Your instructions >>
In the data below, begin at the line with "Élégant faire-part de" and stop after the line with "SmallRig 4790 USB-C"; output those lines exactly and no pictures.

Record extracts >>
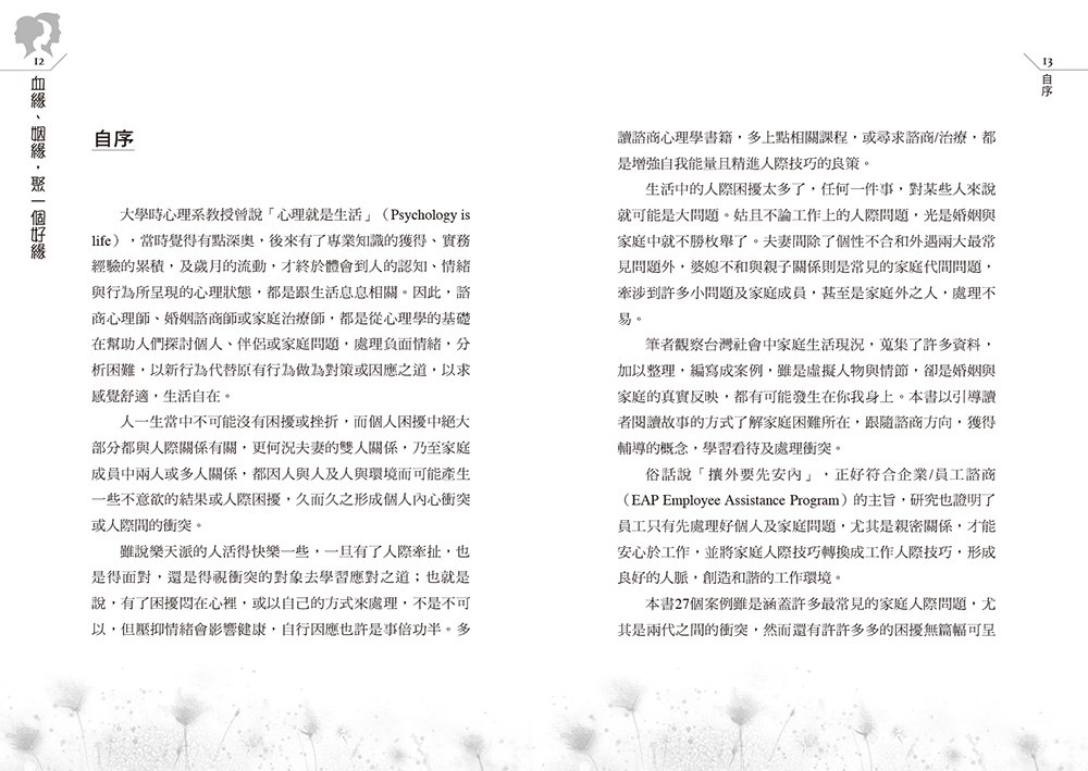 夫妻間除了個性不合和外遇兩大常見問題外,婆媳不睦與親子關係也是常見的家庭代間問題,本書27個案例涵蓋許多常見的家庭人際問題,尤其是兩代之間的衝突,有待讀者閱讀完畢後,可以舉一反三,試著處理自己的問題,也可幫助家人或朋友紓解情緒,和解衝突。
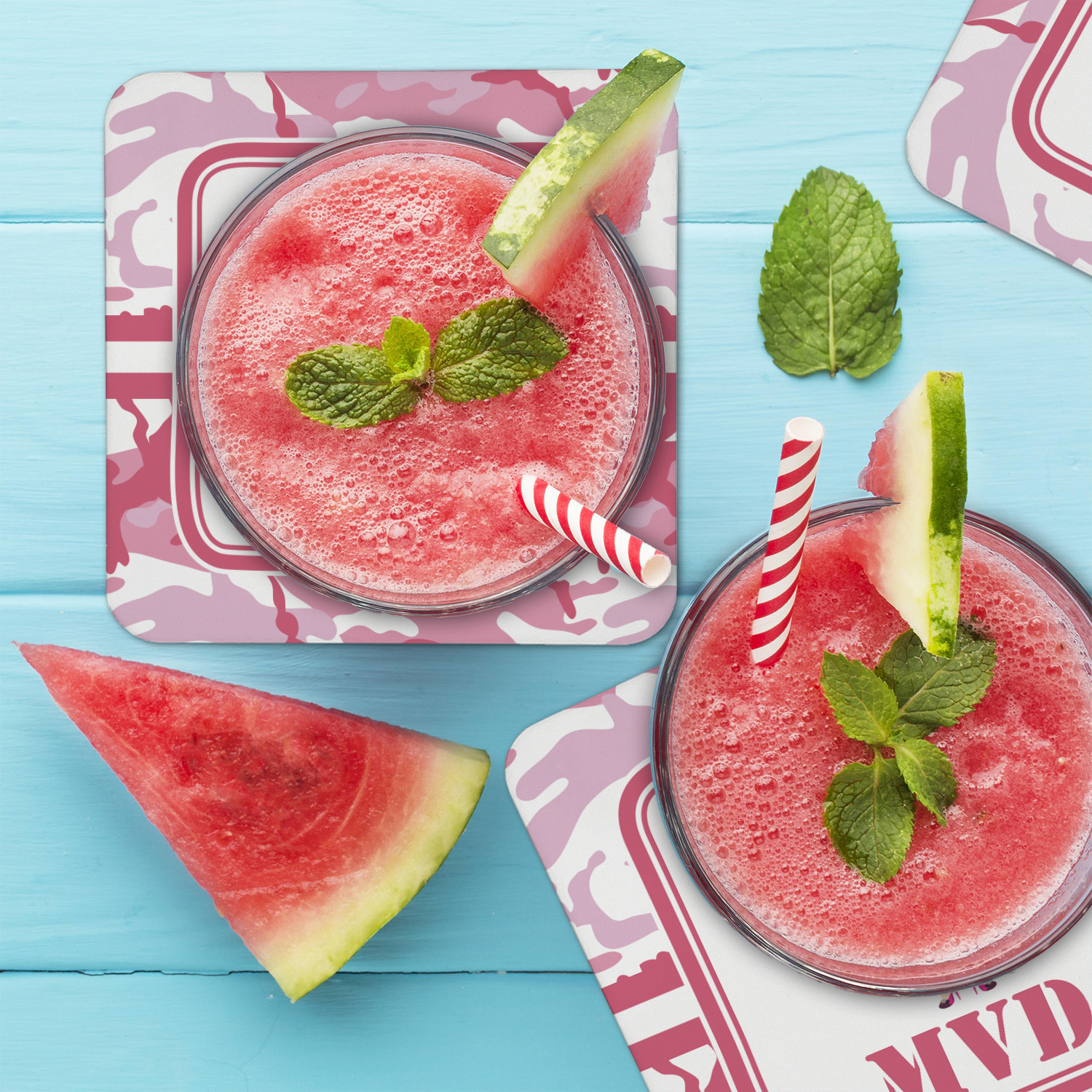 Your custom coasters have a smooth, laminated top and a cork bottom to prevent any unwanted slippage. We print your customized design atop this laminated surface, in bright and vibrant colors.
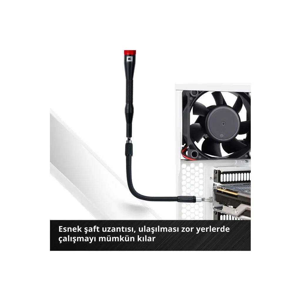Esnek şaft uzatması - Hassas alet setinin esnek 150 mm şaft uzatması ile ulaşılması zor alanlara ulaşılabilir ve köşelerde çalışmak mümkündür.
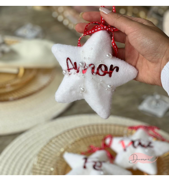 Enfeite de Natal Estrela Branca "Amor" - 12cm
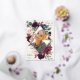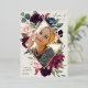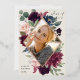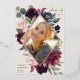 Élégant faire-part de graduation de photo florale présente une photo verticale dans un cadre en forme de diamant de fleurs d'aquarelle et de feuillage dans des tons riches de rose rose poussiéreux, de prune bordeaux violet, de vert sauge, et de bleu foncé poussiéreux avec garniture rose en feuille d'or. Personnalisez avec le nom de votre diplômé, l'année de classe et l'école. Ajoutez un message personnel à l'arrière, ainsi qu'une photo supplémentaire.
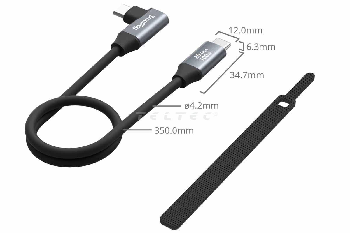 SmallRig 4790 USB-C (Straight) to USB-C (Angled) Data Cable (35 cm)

---

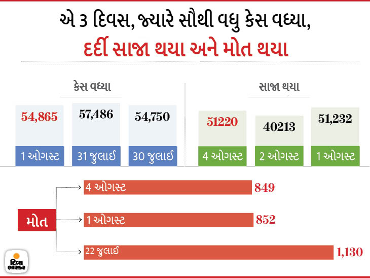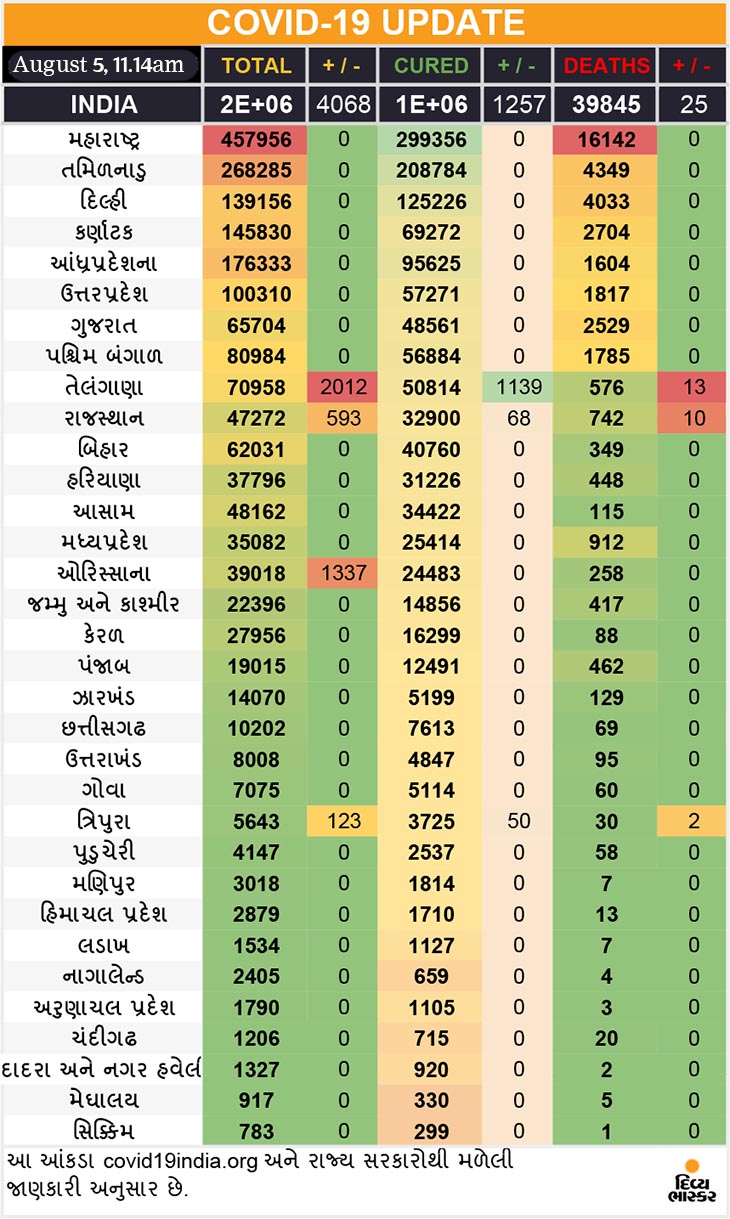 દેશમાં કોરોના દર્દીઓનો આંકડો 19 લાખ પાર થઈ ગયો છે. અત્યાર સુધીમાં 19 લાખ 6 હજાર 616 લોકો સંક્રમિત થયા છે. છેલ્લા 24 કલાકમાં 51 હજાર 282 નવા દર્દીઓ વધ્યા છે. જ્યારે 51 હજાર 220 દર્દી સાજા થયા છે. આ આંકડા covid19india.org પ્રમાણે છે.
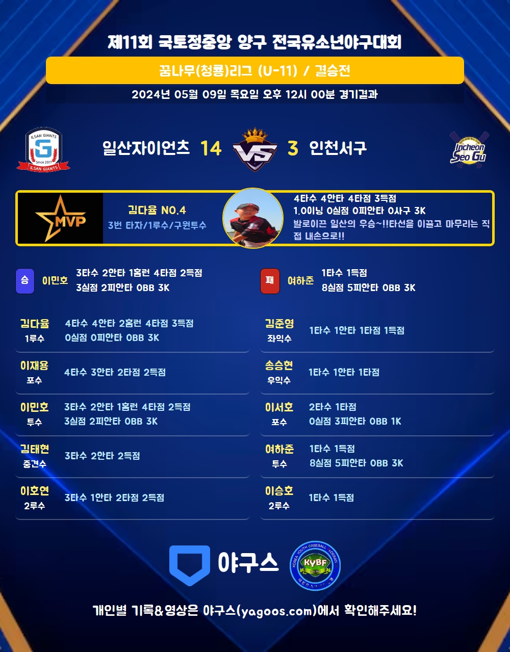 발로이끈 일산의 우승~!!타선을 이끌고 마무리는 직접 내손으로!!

Solution to this problem >>
 Élégant faire-part de graduation de photo florale présente une photo verticale dans un cadre en forme de diamant de fleurs d'aquarelle et de feuillage dans des tons riches de rose rose poussiéreux, de prune bordeaux violet, de vert sauge, et de bleu foncé poussiéreux avec garniture rose en feuille d'or. Personnalisez avec le nom de votre diplômé, l'année de classe et l'école. Ajoutez un message personnel à l'arrière, ainsi qu'une photo supplémentaire.
 SmallRig 4790 USB-C (Straight) to USB-C (Angled) Data Cable (35 cm)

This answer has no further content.